> Problem statement
When you return the material, keep every line exactly as it is and omit the pictures.

> Data provided
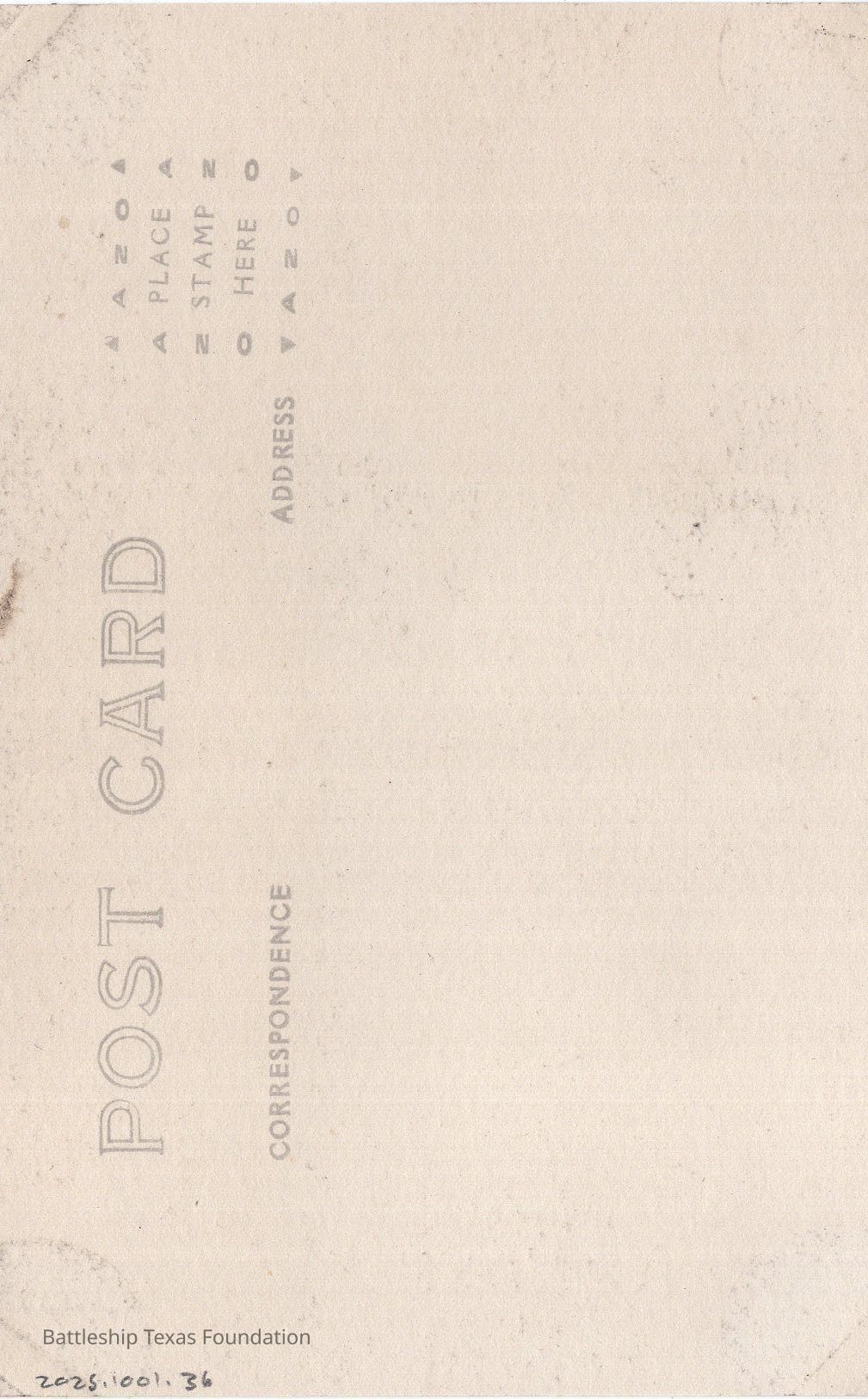Entries 2025.1001.23 through 2025.1001.99 were taken out of the significantly deteriorated pages of at least one photo album belonging to Texas crew members and bought by BTF. The album photos date to the early to mid 1920s. Each photo had writing on the pages of the book, now discarded. The caption formerly on the page for this photo read,
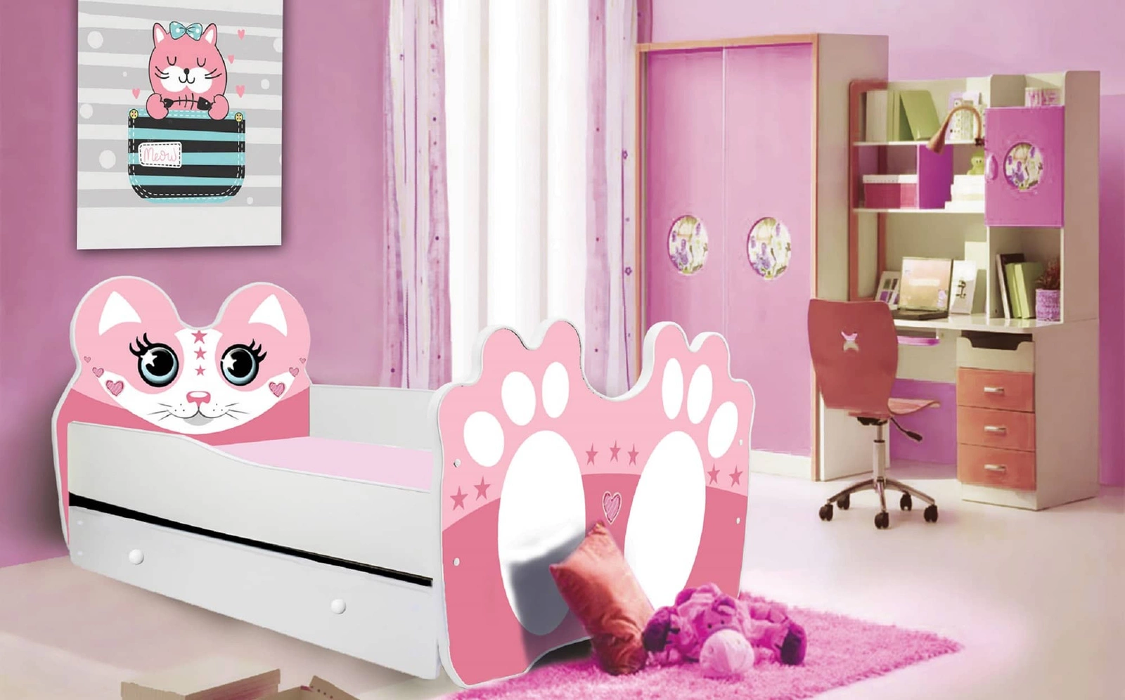 Łóżko Bear 80x160 cm biały / różowy małe łóżko z materacem i szufladą na pościel w kształcie misia z uroczym nadrukiem kotka
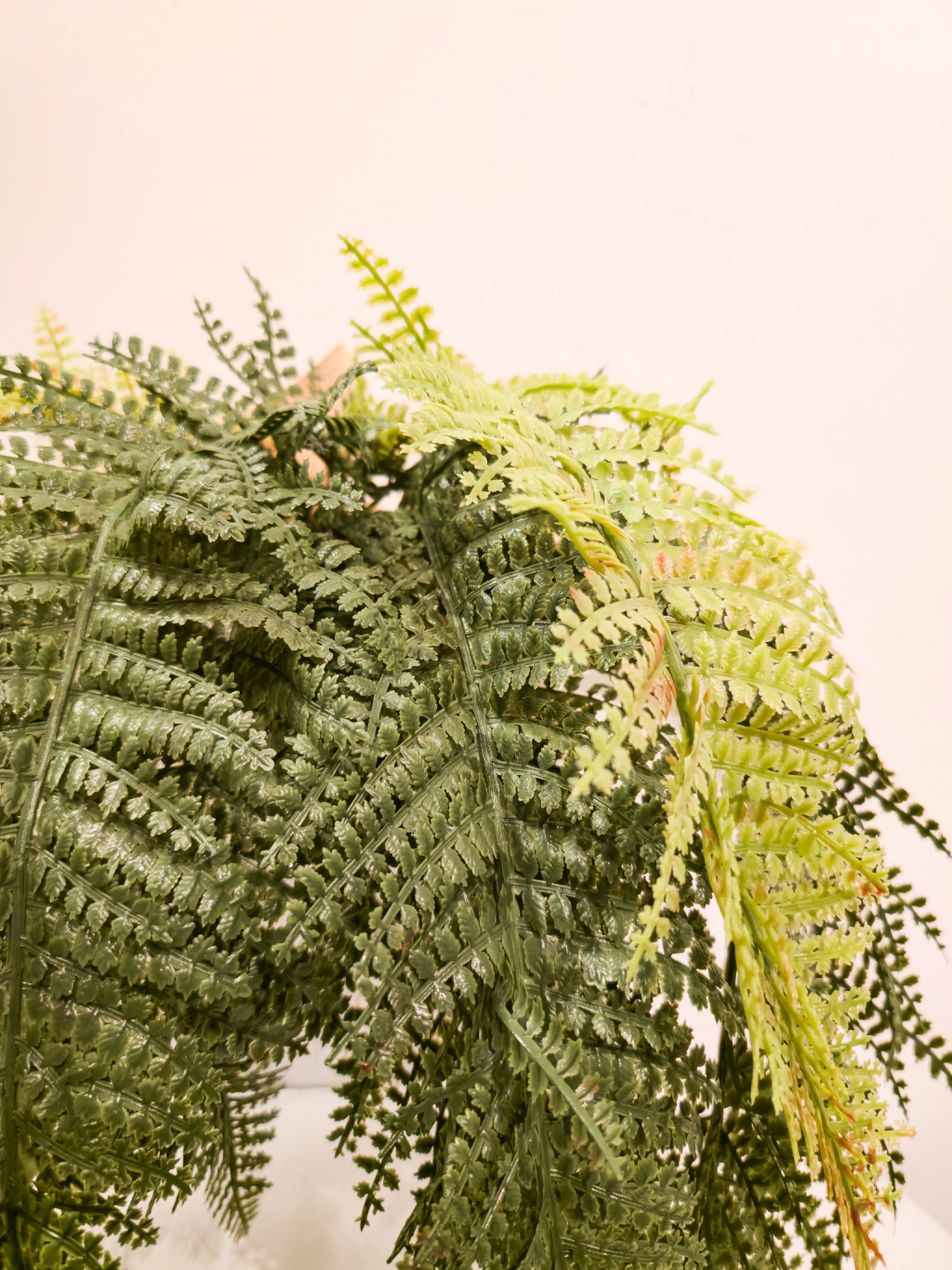 Nosso arranjo permanente de Samambaia Rendada G é a peça ideal para quem ama o efeito cascata e o volume exuberante desta folhagem clássica, mas busca a praticidade de uma planta artificial. O tamanho "G" (Grande) garante um impacto visual marcante, e a qualidade da folhagem imita com perfeição a delicadeza e a textura da samambaia natural.
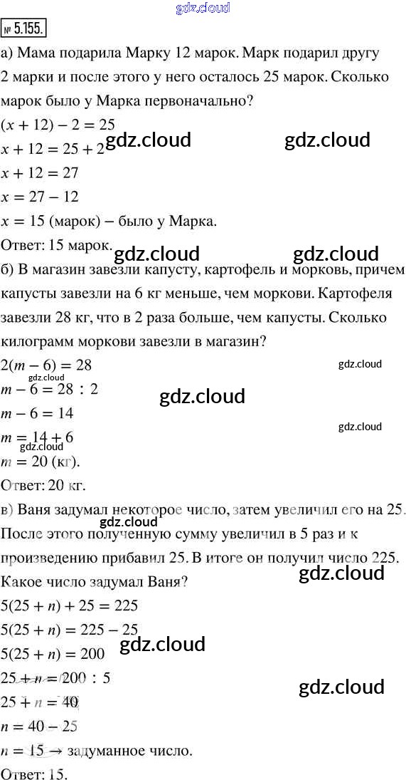 Ответ на задание 5.155 Учебник Математика за 5 (пятый) класс Виленкин, Жохов, Чесноков, Александрова, Шварцбурд 2021 Часть 2
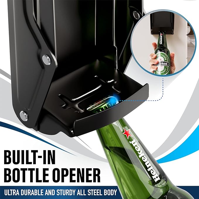 - DESIGN: Easy and safe soft grip pull down tool completely compresses the metal to approximately 20% of original size saving precious storage space – Bonus bottle opener is located at bottom of tool for easy access - Vertically installs onto wall studs with included screws.
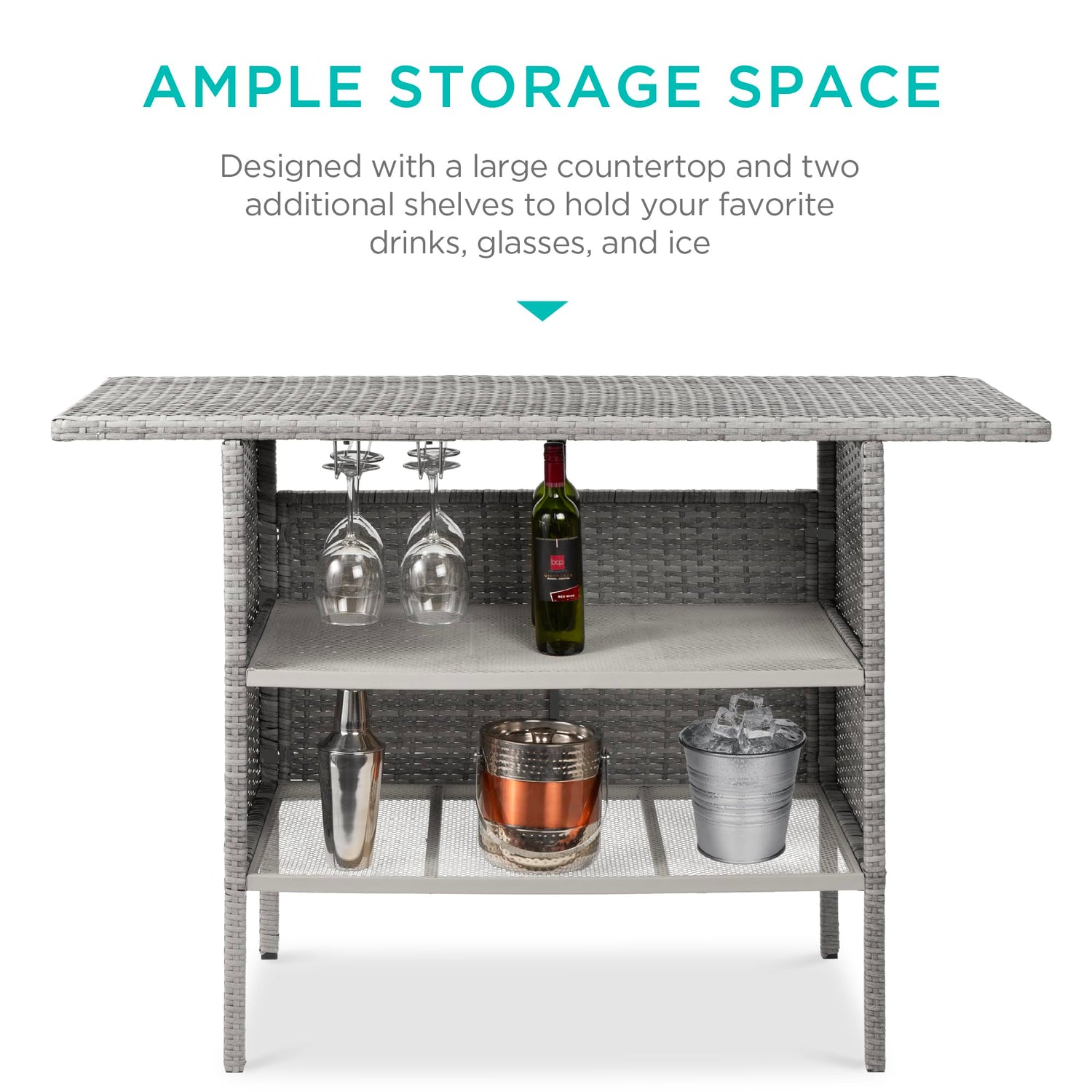 Best Choice Products Outdoor Patio Wicker Bar Counter Table Backyard Furniture w/ 2 Steel Shelves and 2 Sets of Rails - Gray

> Result below
Entries 2025.1001.23 through 2025.1001.99 were taken out of the significantly deteriorated pages of at least one photo album belonging to Texas crew members and bought by BTF. The album photos date to the early to mid 1920s. Each photo had writing on the pages of the book, now discarded. The caption formerly on the page for this photo read,
 Łóżko Bear 80x160 cm biały / różowy małe łóżko z materacem i szufladą na pościel w kształcie misia z uroczym nadrukiem kotka
 Nosso arranjo permanente de Samambaia Rendada G é a peça ideal para quem ama o efeito cascata e o volume exuberante desta folhagem clássica, mas busca a praticidade de uma planta artificial. O tamanho "G" (Grande) garante um impacto visual marcante, e a qualidade da folhagem imita com perfeição a delicadeza e a textura da samambaia natural.
 Ответ на задание 5.155 Учебник Математика за 5 (пятый) класс Виленкин, Жохов, Чесноков, Александрова, Шварцбурд 2021 Часть 2
 - DESIGN: Easy and safe soft grip pull down tool completely compresses the metal to approximately 20% of original size saving precious storage space – Bonus bottle opener is located at bottom of tool for easy access - Vertically installs onto wall studs with included screws.
 Best Choice Products Outdoor Patio Wicker Bar Counter Table Backyard Furniture w/ 2 Steel Shelves and 2 Sets of Rails - Gray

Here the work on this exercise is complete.